1. In a suit for assault and battery, if the defendant was authorized by law to do the act complained of, he may plead the same as a justification and obtain all the privileges of one holding the affirmative of the issue. Civil Code (1910), § 4488. In such a case the burden of proof is lifted from the plaintiff and east on the defendant. But in order to obtain such a result, the plea must admit the commission of the act in form and manner as charged in the petition, and a plea which merely admits the act in part and justifies it in part, although setting forth a valid defense, is not such a plea of justification as will relieve the plaintiff of the burden of proof and entitle the defendant to open and close. Berkner v. Dannenberg, 116 Ga. 954(4) (43 S. E. 463); Ocean S. Co. v. Williams, 69 Ga. 251 (1, 2); Seymour v. Bailey, 76 Ga. 338; Augusta Factory v. Barnes, 72 Ga. 217(2) (53 Am. R. 838); Chapman v. Atlanta & W. Point R., 74 Ga. 547; Binder v. Ga. Ry. &c. Co., 13 Ga. App. 381(5) (79 S. E. 216).

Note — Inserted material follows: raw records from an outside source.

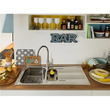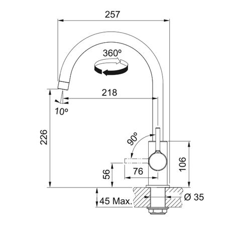 Mitigeur cuisine Lina J de Franke, coloris chrome, à bec, ref 294576. Rotation du bec sur 150°. Embase ø 54 mm. Perçage ø 35 mm. Levier de commande 0°/90°. Débit 14 L/min (3 bars). Cartouche ø 35 mm. Système de fixation avec corps fileté. La manette se positionne à droite. Code EAN: 7612986294576, code FUN: 115.0693.228
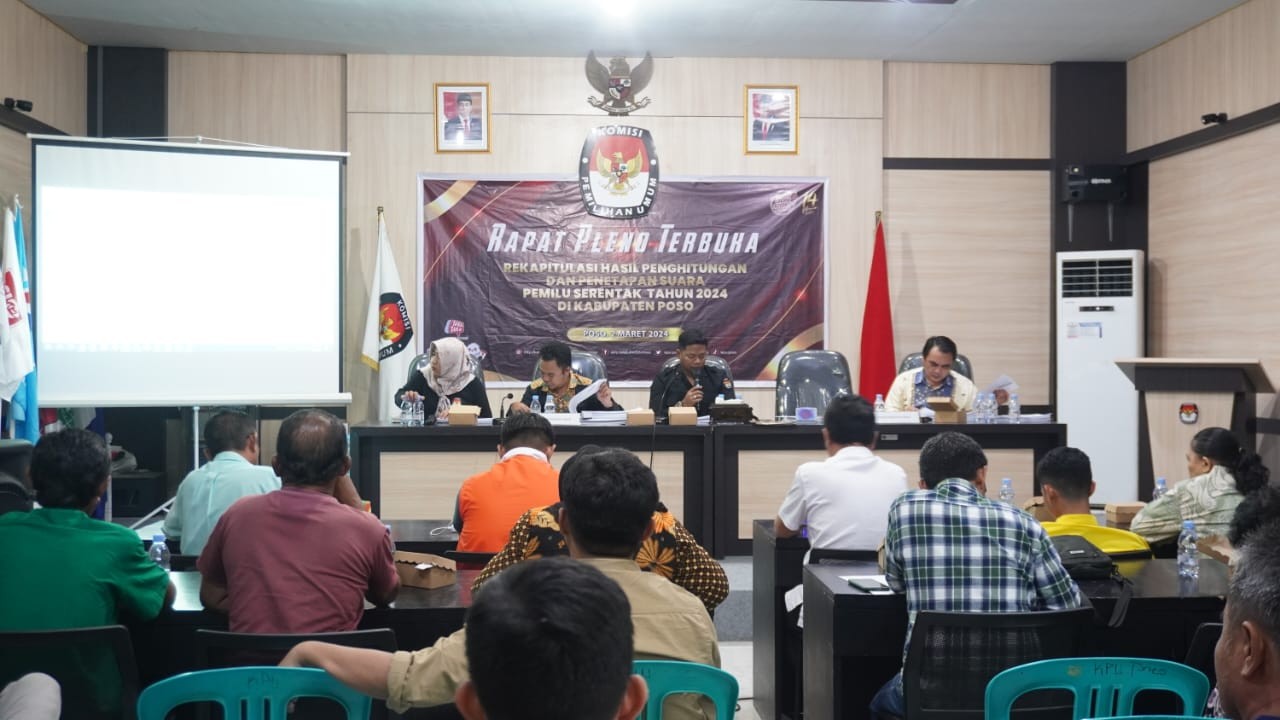 Poso, https://kab-poso.kpu.go.id/ KPU Kabupaten Poso telah menyelesaiakn Rapat Pleno Terbuka Rekapitulasi Hasil Penghitungan dan Penetapan Suara Pemilu Serentak Tahun 2024 di kabupaten Poso, kegiatan ini dilaksanakan selama 4 hari dengan menghadirkan saksi partai bersama Bawasu dan PPK Se-Kabupaten Poso.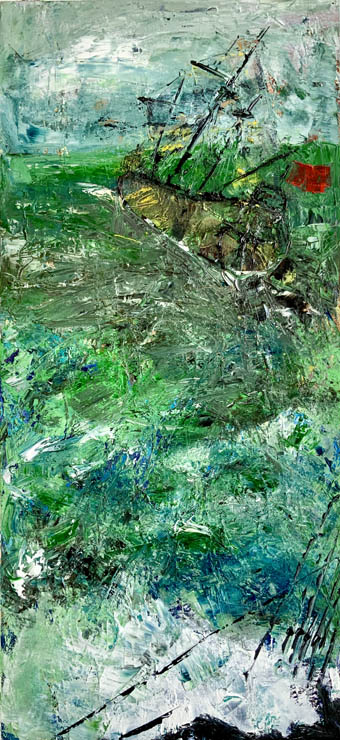 Wild Sea, oil, 1000x510mm, 2019, NFS Tony's studio is in New Plymouth, New Zealand.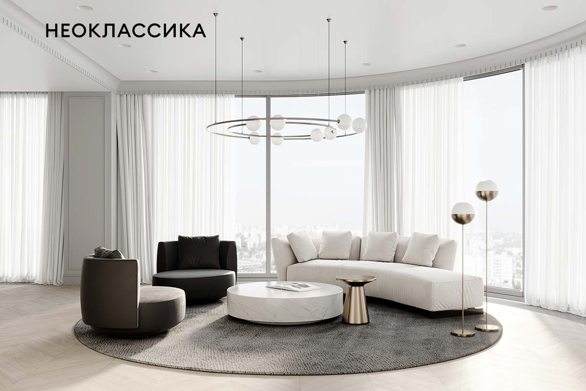 Есть выбор из трех вариантов отделки: неоклассика, совмещающая традиционные и современные элементы, природная и натуральная неофактура либо неодеко, сочетающая тактильные поверхности и редкие виды мрамора.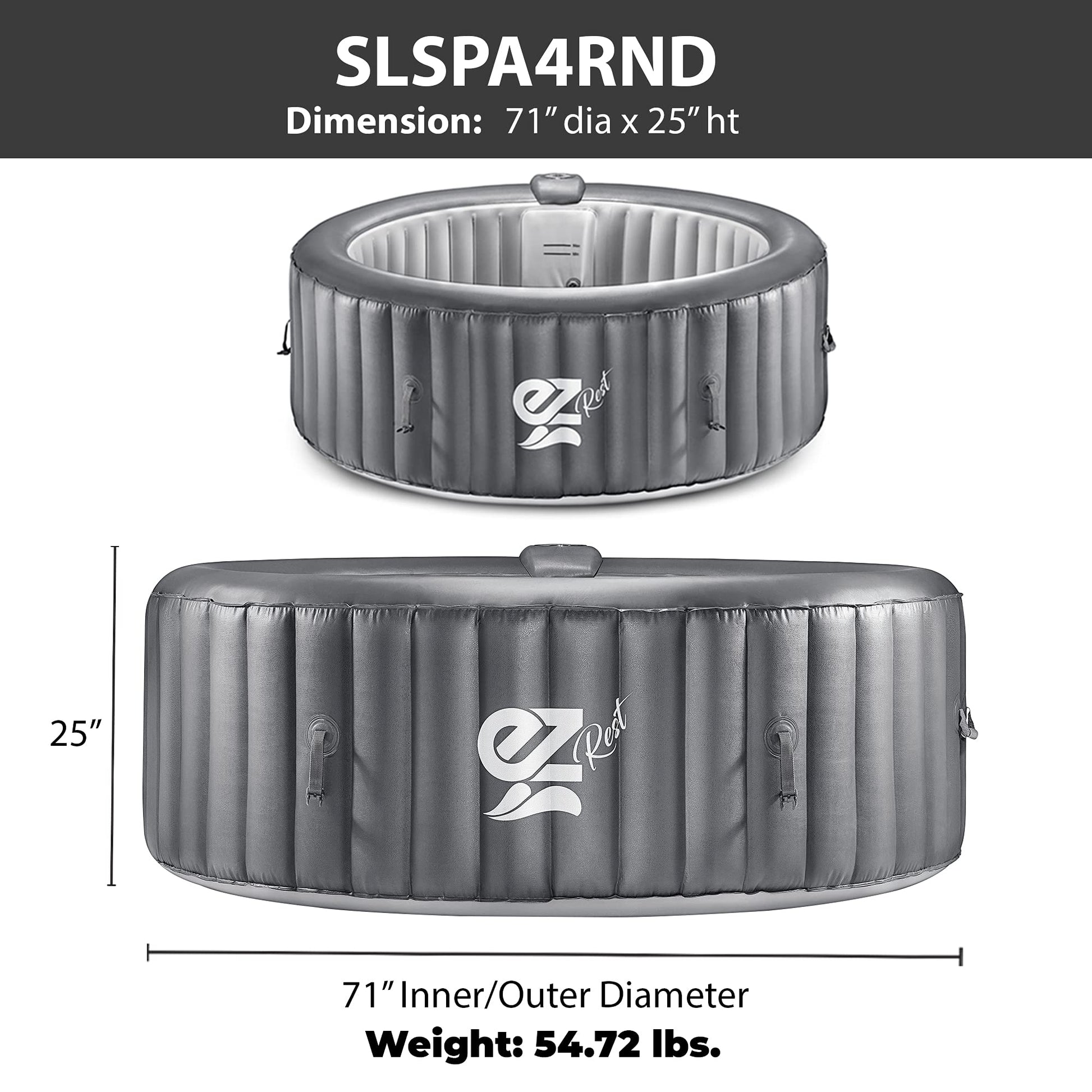 - FITS UP TO 4 PEOPLE: This indoor outdoor inflatable hot tub 4 person measures 71" D x 25'' H and can comfortably fit up to 4 people. Comes complete with, filter, inflatable hose, ground pad, repair kit, remote control, and led light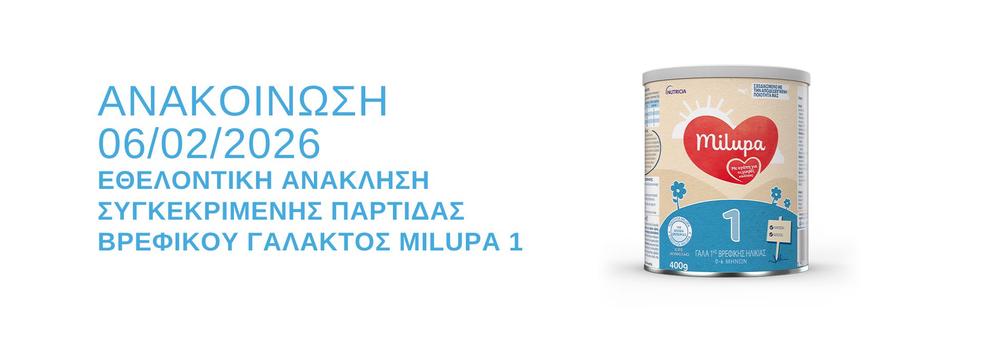 Με το νέο online κατάστημά μας, φέρνουμε όλα τα προϊόντα Milupa στην πόρτα σου! Επισκέψου σήμερα το νέο eshop «MY MILUPA SHOP» και ανακάλυψε όλα τα προϊόντα Milupa και τις μοναδικές προσφορές μας.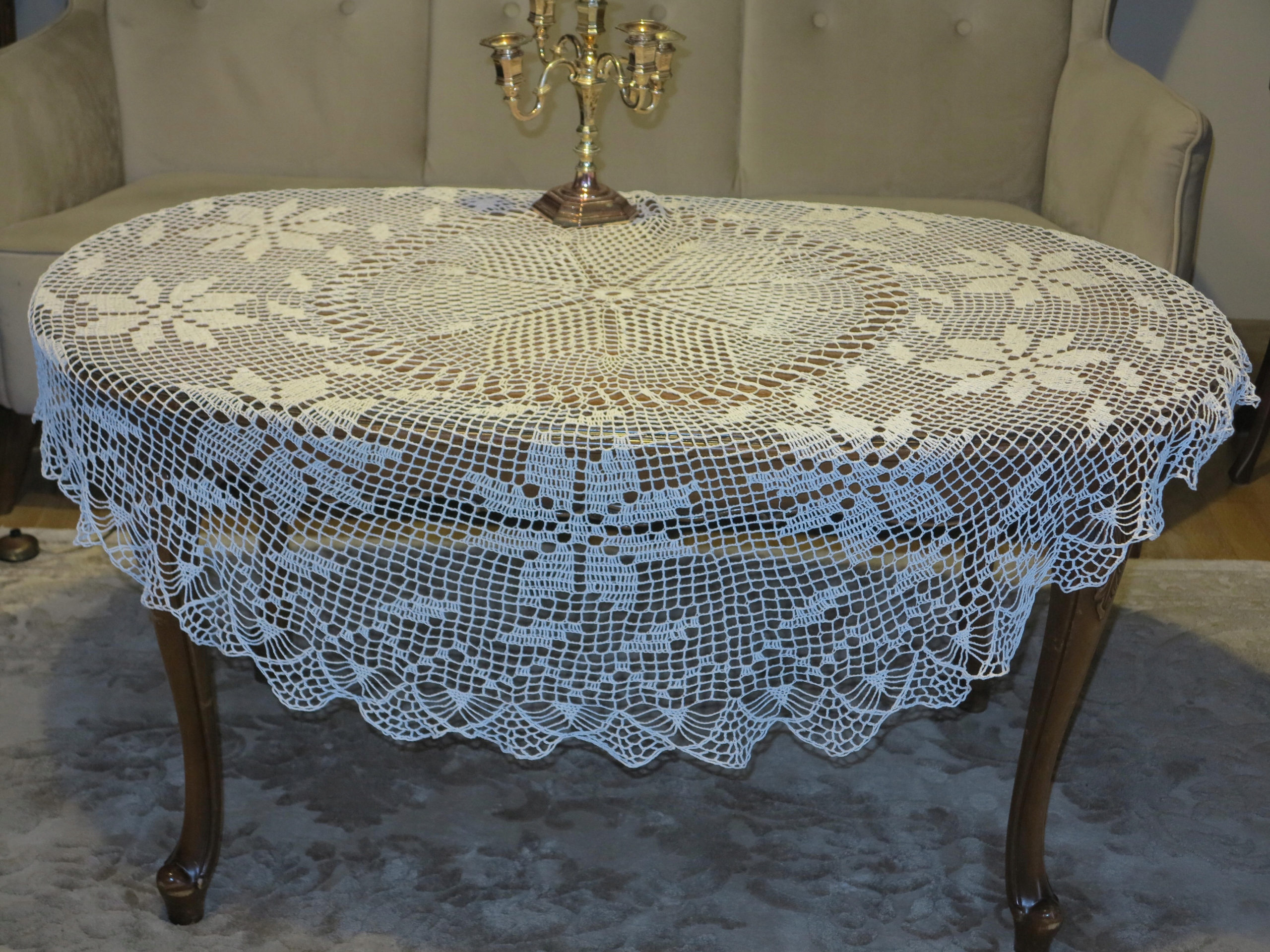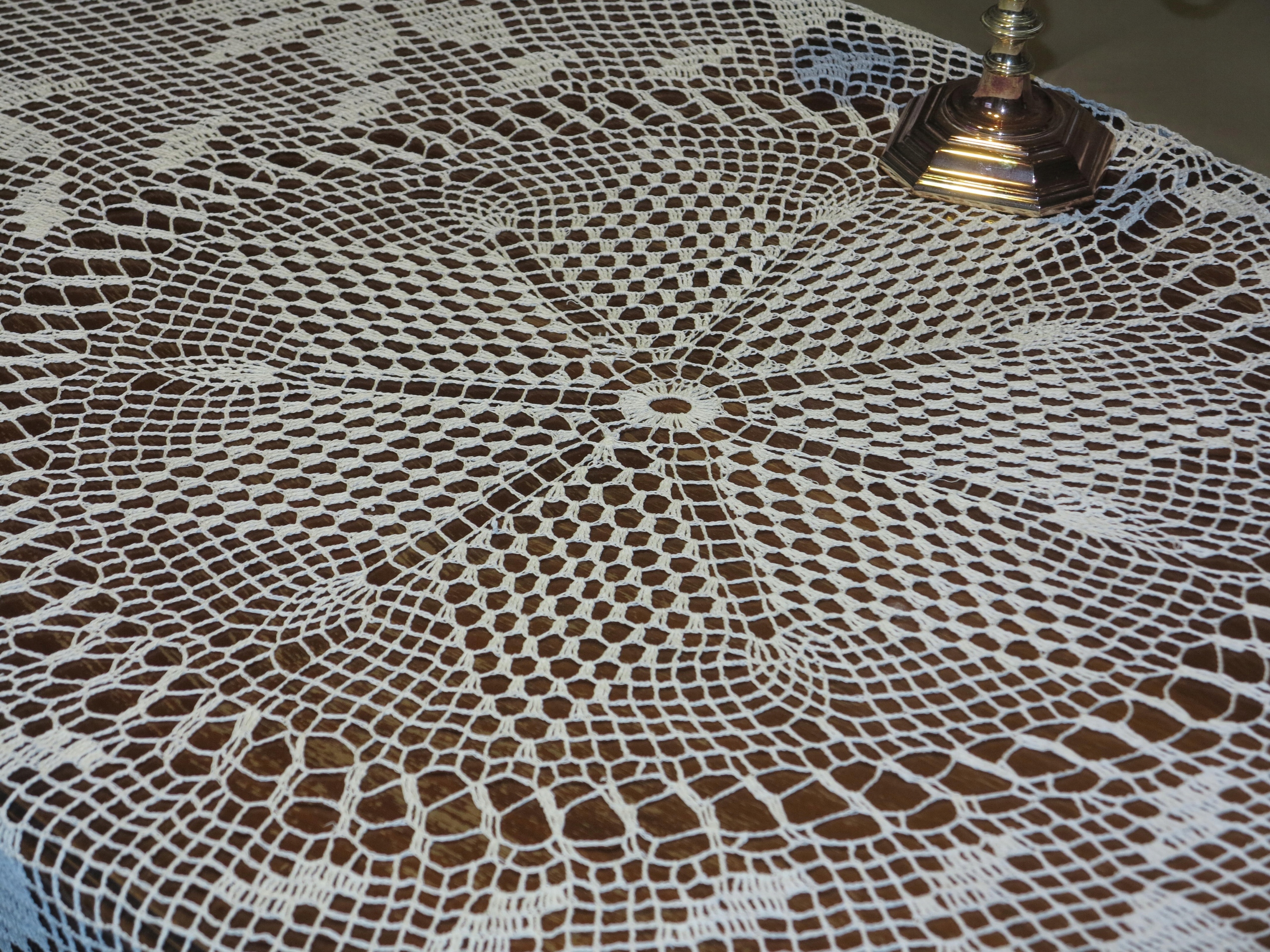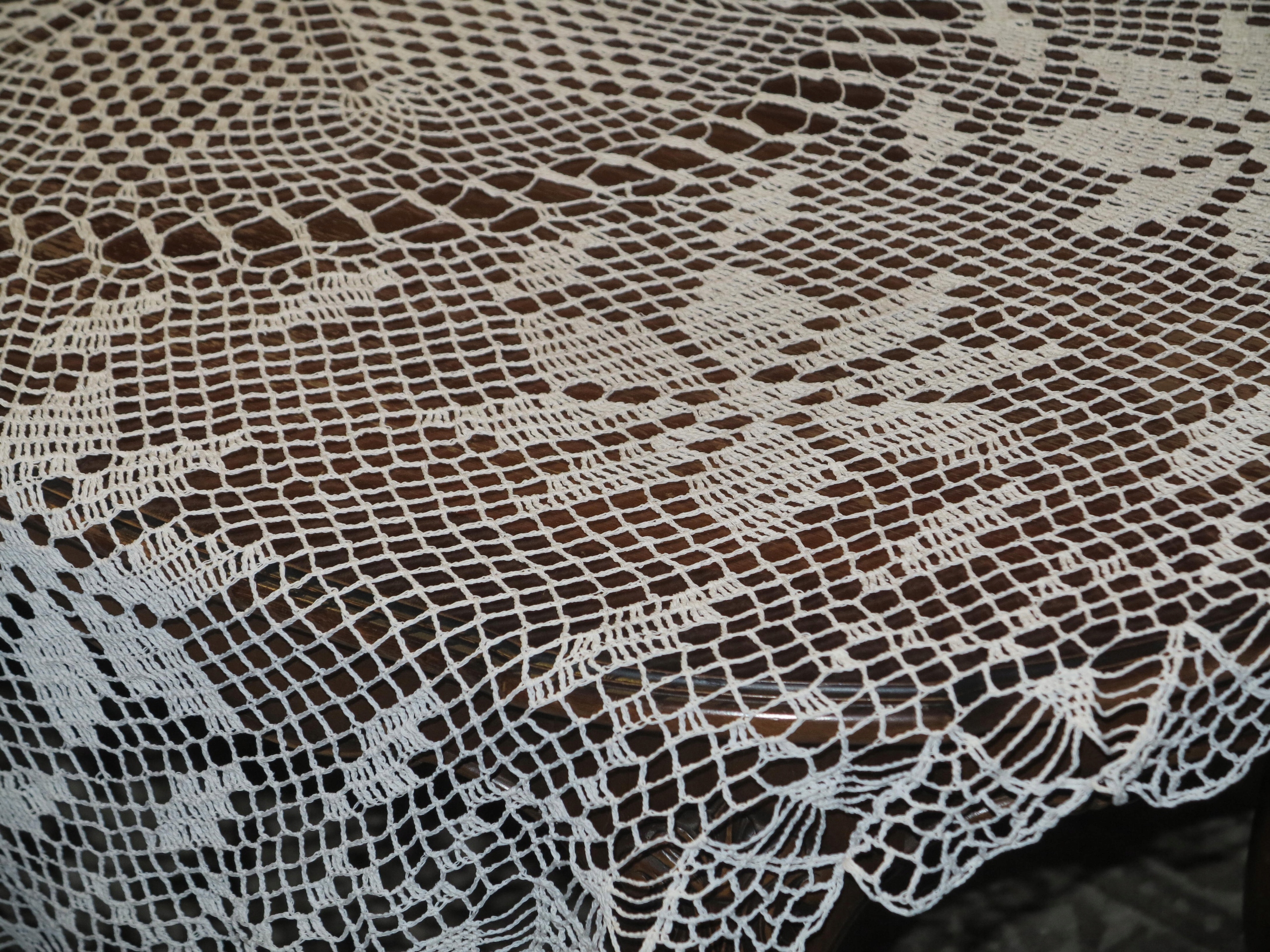 Красивая большая замысловатая ручная скатерть шнур 147 см.

2. Hence, in a suit for assault and battery, where the petition alleged that “the defendant was a strong and vigorous woman and mad with rage,” and struck the plaintiff violently and “with all the force she could use,” a plea in which the defendant admitted only that she struck the plaintiff “with her open hand,” and pleaded facts to justify the blow as thus admitted, was not a. good plea of justification, in the sense that it shifted the burden of proof and placed the defendant in the position of one holding the affirmative of the issue.
3. Applying the foregoing rulings, the court did not, in view of the plea filed in this case, commit error in charging the jury that the burden of proof was upon the plaintiff, nor in giving other instructions which *158might not have been appropriate if the plea could have been construed as a technical plea of justification.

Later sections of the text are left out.